Правда, я поклялся (и остался верен этому обещанию) ни словом не обмолвиться кузине о том чувстве, которое возникло к ней в моей душе; но я боялся, что мое волнение, мои глаза могут выдать меня… Однако чувство, хоть и немое и затаенное, невольно казалось мне преступным.
Так я размышлял в то время, как принцесса Амелия танцевала первую кадриль с эрцгерцогом Станиславом. Здесь, как и в других местах, танец стал не чем иным, как торжественным шествием под музыку оркестра; при этом особенно выделялась грациозная осанка моей кузины.
Со счастливым волнением и одновременно с робостью ожидал я того момента, когда начну дозволенный на балу разговор с моей кузиной. Я достаточно владел собою, чтобы скрыть волнение в то время, когда направился за ней; она снова была подле маркизы д’Арвиль.

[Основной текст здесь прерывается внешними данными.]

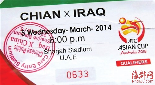 今年3月5日,中国男足迎来2015亚洲杯预选赛最后一战,在西亚客场对阵伊拉克。但在赛前,亚预赛中伊大战赛事组织方的一个低级错误引来了不小的争议。在此役的观战球票上,赛事组织方竟将中国国名印错,CHINA变成了CHIAN,此事引起了迪拜华人球迷的集体抗议。

Думая об истории с портретом, я был уверен, что принцесса также размышляет о нем, и не ошибся. Помню почти слово в слово наш первый разговор; позвольте мне, друг мой, передать его вам.

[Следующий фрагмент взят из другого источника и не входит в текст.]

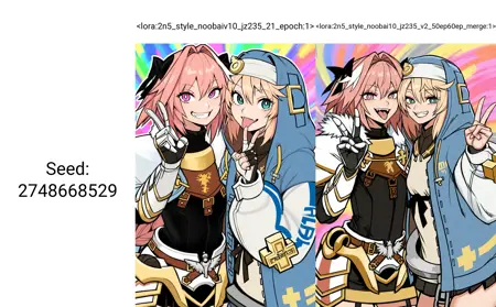 NoobAI knows 2n5 already, but its mostly his older works. And the existing LoRA's here on civit suck, with worse training settings and they also probably used most of 2n5's older art when training. What I wanted was a LoRA that could replicate his newer more modern style.

– Ваше высочество, можно мне называть вас кузиной, как это разрешил мне великий герцог?
– Конечно же, кузен, – грациозно ответила она, – я всегда счастлива слушаться своего отца.
– А я тем более горжусь этой непринужденностью, кузина, что моя тетушка рассказала мне о вас и тем самым заставила вас оценить.
– Мой отец часто говорил мне о вас, милый кузен, и что вам, быть может, покажется странным, – смущенно добавила она, – я даже знаю вас, если так можно сказать, с виду… Госпожа настоятельница аббатства Святой Германгильды, к которой я почтительнейшим образом привязана, однажды показала мне и отцу один портрет…
– Где я изображен в костюме пажа шестнадцатого века?
– Да, милый кузен, отец даже немного схитрил, заверив меня, что это портрет одного нашего родственника старинных времен, и, лестно отозвавшись об этом кузене, сказал, что мы должны гордиться, имея и сейчас среди своей родни его достойного потомка.
– Увы, кузина, боюсь, что в нравственном отношении я столь же мало похож на свой портрет, который соблаговолил начертать великий герцог, как не похож внешне на пажа шестнадцатого века.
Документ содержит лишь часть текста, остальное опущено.